Kidney has rugby’s toughest job, reckons Barnes

It will be no comfort to Declan Kidney as he prepares for a three-Test series in New Zealand but Sky Sports analyst Stuart Barnes believes the Ireland head coach has the hardest job in international rugby.

Kidney today names a preliminary squad for the pre-tour game against the Barbarians in Gloucester on May 29, having delayed the announcement by 24 hours to assess a number of injuries to his potential panel.

The former Munster coach will also no doubt be holding his breath this Saturday in fear of his players getting injured ahead of their series with the world champions during the all-Irish Heineken Cup final between Leinster and Ulster.

And that is not the only problem with that showpiece fixture that is hampering Kidney’s bid to emulate his first-season success in 2009, according to Barnes, who has a simple explanation for the failure to convert provincial success in Europe into Test glory.

“There is a correlation between regional strength and international weakness,” Barnes said yesterday in Dublin, as he previewed this weekend’s final for Sky Sports. “It is easier to come from a weak base and come up, if you have talented players in a country that doesn’t have too much depth, like Ireland and Wales.

“Wales have the Scarlets, Ospreys who are useful teams but not at the level of Leinster. They don’t seem as professional as the international team, so when the players go from the region to the national squad, it is a step up. Psychologically, that makes a difference.

“You look at Ireland — the Heineken Cup has become an all-important prize for the big three. Culturally, there has always been a chasm between how Leinster and Munster approach the game in terms of style and thought, while Ulster have their own style.”

That clash of styles and clearly defined province-by-province mindset further undermines Kidney, Barnes said.

“There has been a lot of criticism of Declan Kidney because he hasn’t been able to translate Heineken success into international success, but the players are arriving with such a clear identity — be it Munster or Leinster or Ulster — and that is much harder to meld into a whole than it would be for [Wales coaches] Warren Gatland, Shaun Edwards and Rob Howley.

“They get players from the Scarlets, the Blues and they are more than happy to play together. I don’t think there is a happy convergence in Ireland and it is a mark of the strength of the regions. It makes it extremely difficult for Kidney or whoever takes over from Declan when that time comes.”

Meanwhile, heaping on the pressure, New Zealand coach Steve Hansen has vowed to use the three tests against Ireland to blood the next generation of All Blacks. Hansen, who took over from Graham Henry in the wake of the All Blacks’ World Cup triumph, named 21 of the players that helped clinch the Webb Ellis trophy in his 35-man squad for training camps, but also a slew of uncapped youngsters.
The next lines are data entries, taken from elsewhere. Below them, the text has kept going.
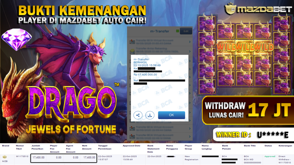 BUKTI KEMENANGAN DAN WITHDRAW 22 Oktober 2025 Di Game Drago – Jewels of Fortune Wd 17 JUTA
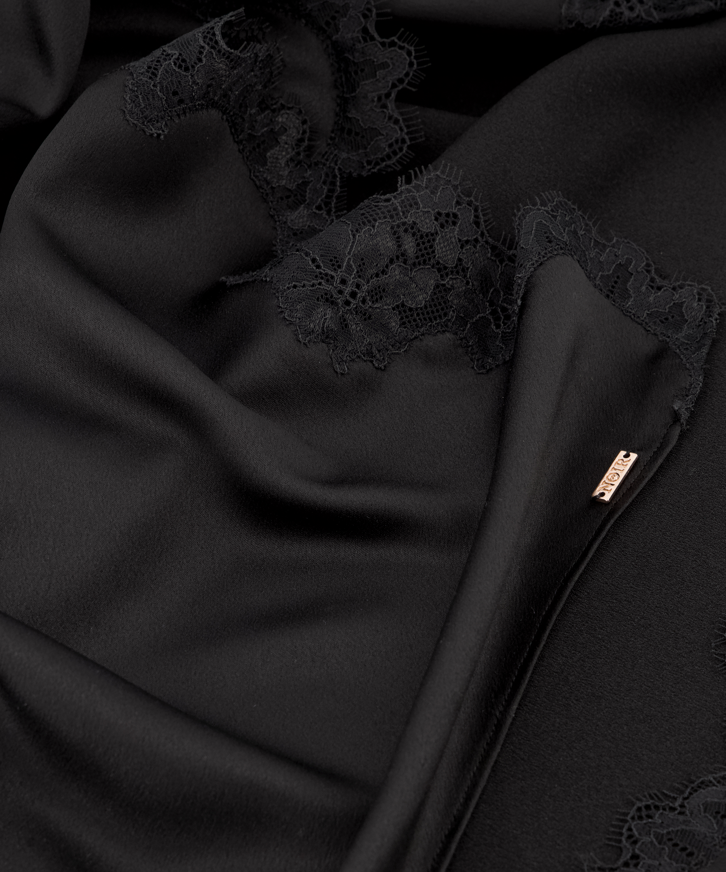 You'll feel super feminine in this beautiful slip dress! The slip dress has a satin look and feel and is finished with lace. The dress is long and comes down to the ankles. The spaghetti shoulder straps are adjustable. Part of our Noir Collection.
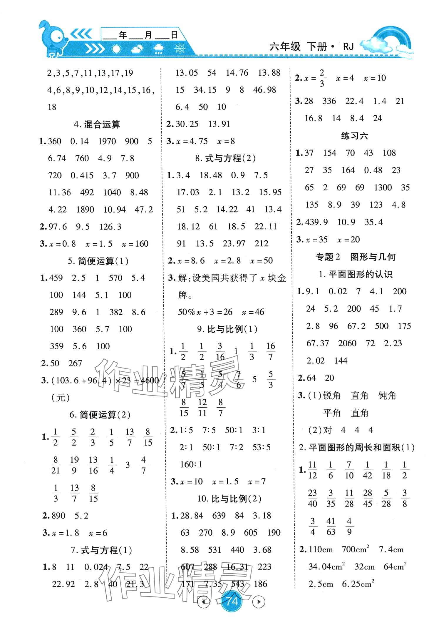 注:目前有些书本章节名称可能整理的还不是很完善,但都是按照顺序排列的,请同学们按照顺序仔细查找。练习册 2024年小状元数学天天练口算题卡大通关六年级下册人教版 答案主要是用来给同学们做完题方便对答案用的,请勿直接抄袭。

“We do have a large amount of the squad getting near 30 or plus-30 [years of age]. Over the next one to four years we’re going to have to make some changes,” he said.

“We feel at some point [the younger players] will don the All Blacks jersey and why not bring them in and let them experience the huge expectations and feelings in that camp?”

New Zealand squad (v Ireland): C Faumuina, M Nonu, K Mealamu, P Weepu, A Williams, T Woodcock, S Cane, A Cruden, R Kahui, T Kerr-Barlow, B Retallick, B Tameifuna, SB Williams, B Barrett, C Jane, J Savea, B Shields, C Smith, V Vito, D Carter, W Crockett, I Dagg, A Ellis, B Franks, O Franks, R McCaw, K Read, L Romano, L Whitelock, S Whitelock, T Ellison, A Hore, A Smith, B Smith, A Thomson.